### TASK INSTRUCTIONS
Pictures are to be left out. Return exactly the lines below from the one with "prevent water build-up" up to and including the one with "The triangle symbolizes".

═════ AVAILABLE DATA ═════

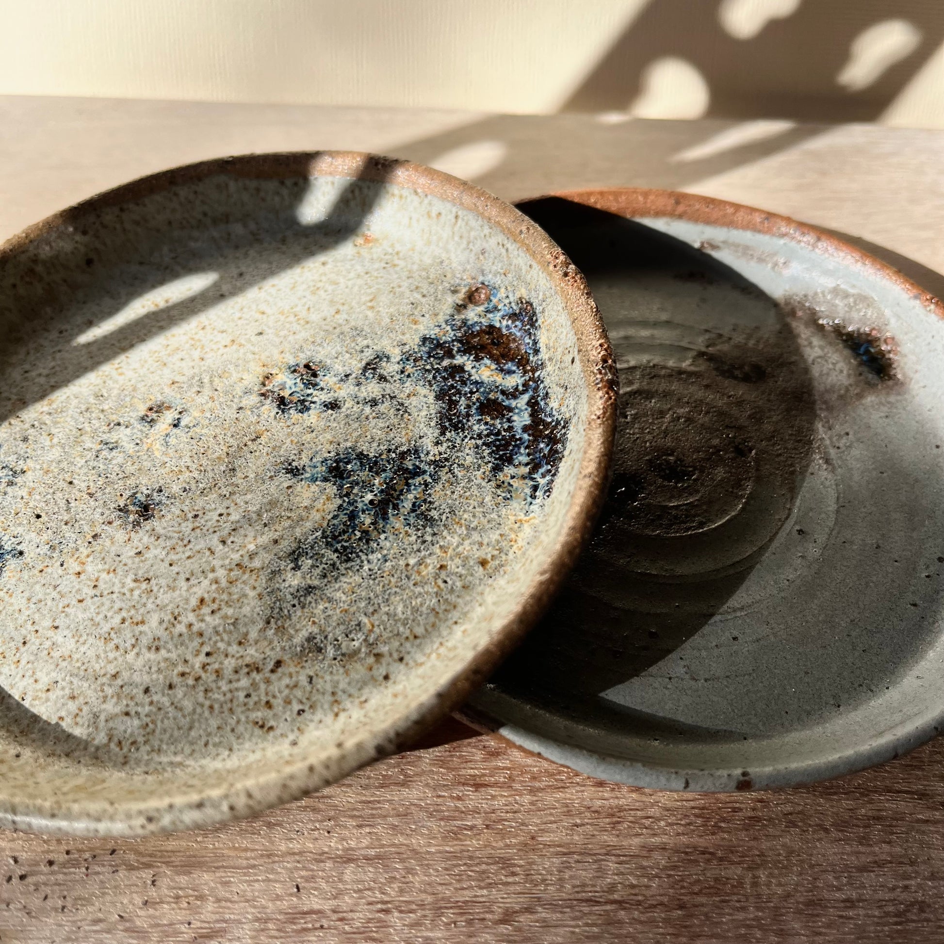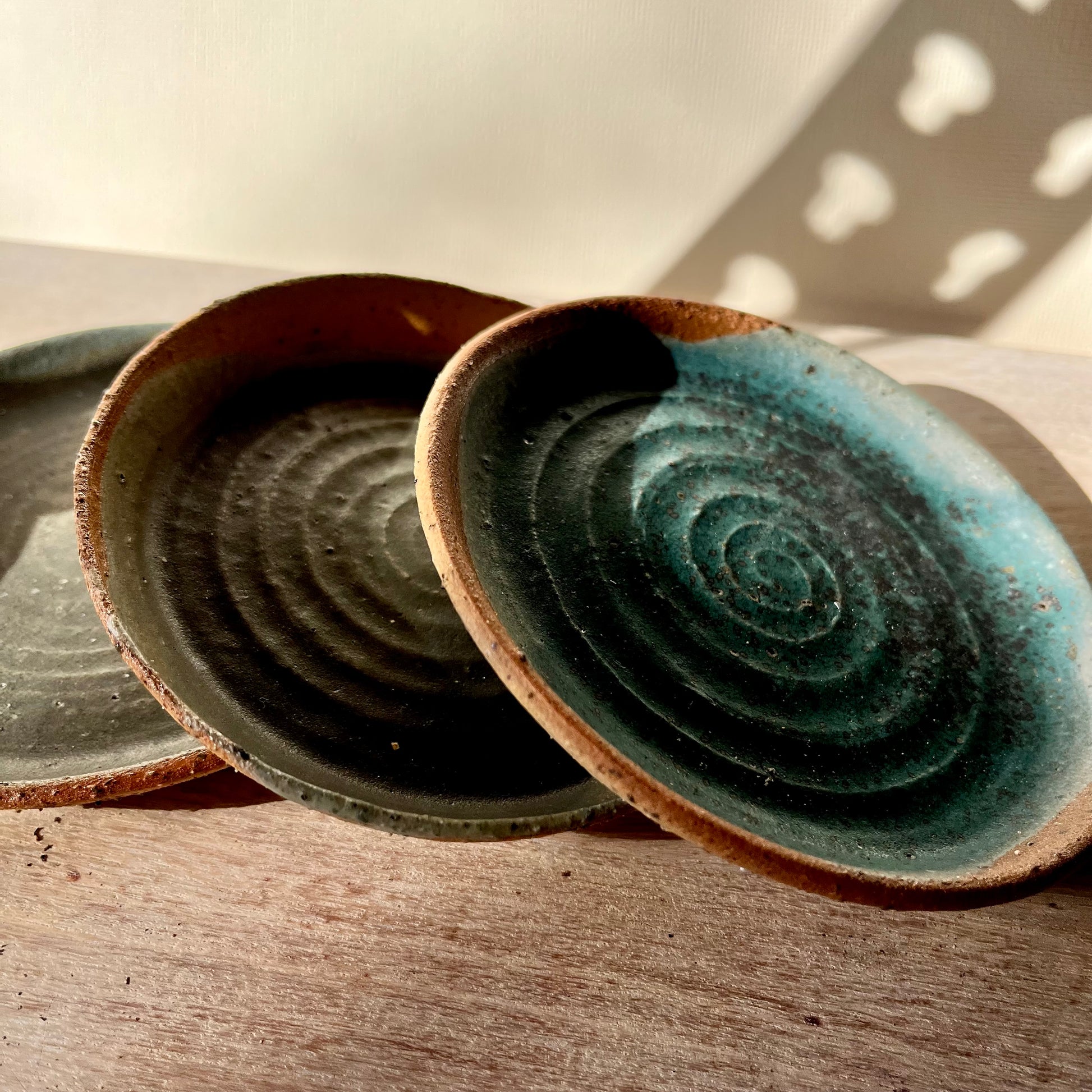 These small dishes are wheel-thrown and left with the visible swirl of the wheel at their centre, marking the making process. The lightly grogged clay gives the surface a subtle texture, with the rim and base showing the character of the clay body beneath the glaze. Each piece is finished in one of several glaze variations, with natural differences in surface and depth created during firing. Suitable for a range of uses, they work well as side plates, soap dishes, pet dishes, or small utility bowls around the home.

═════
═════ AVAILABLE DATA ═════

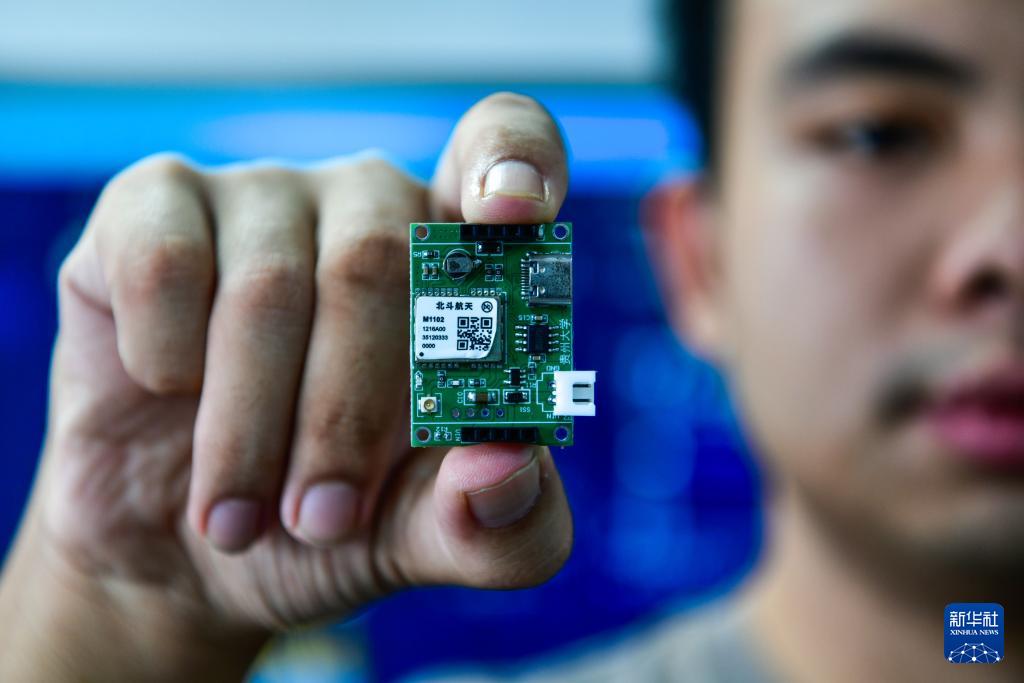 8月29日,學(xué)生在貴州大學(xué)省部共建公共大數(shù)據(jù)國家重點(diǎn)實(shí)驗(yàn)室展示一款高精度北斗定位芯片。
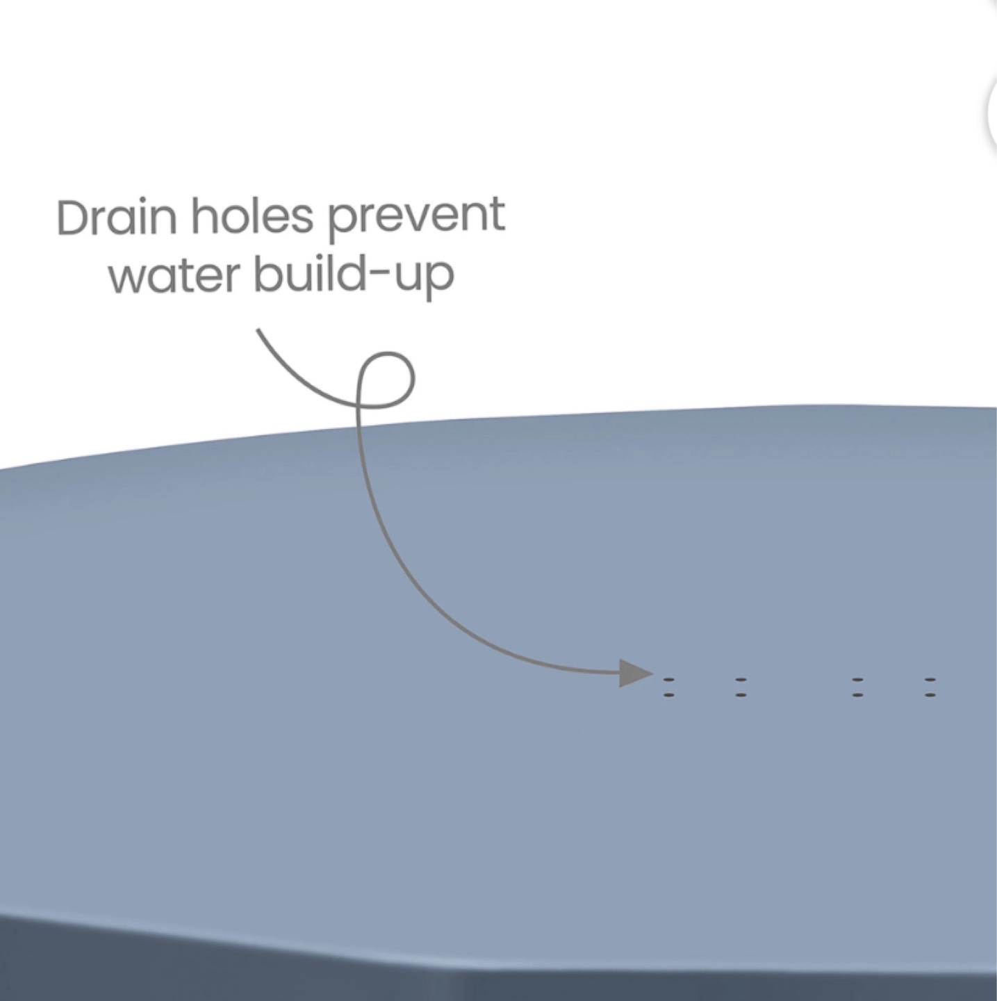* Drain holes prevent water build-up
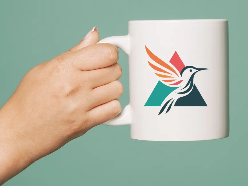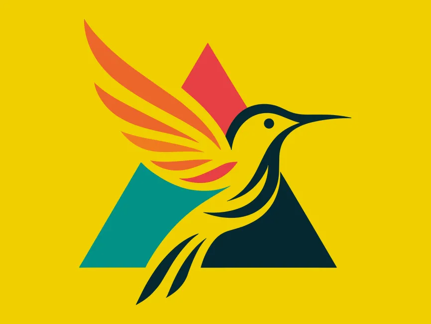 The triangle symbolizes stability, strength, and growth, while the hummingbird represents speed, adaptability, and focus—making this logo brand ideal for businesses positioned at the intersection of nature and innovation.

═════

### TASK RESULT
* Drain holes prevent water build-up
 The triangle symbolizes stability, strength, and growth, while the hummingbird represents speed, adaptability, and focus—making this logo brand ideal for businesses positioned at the intersection of nature and innovation.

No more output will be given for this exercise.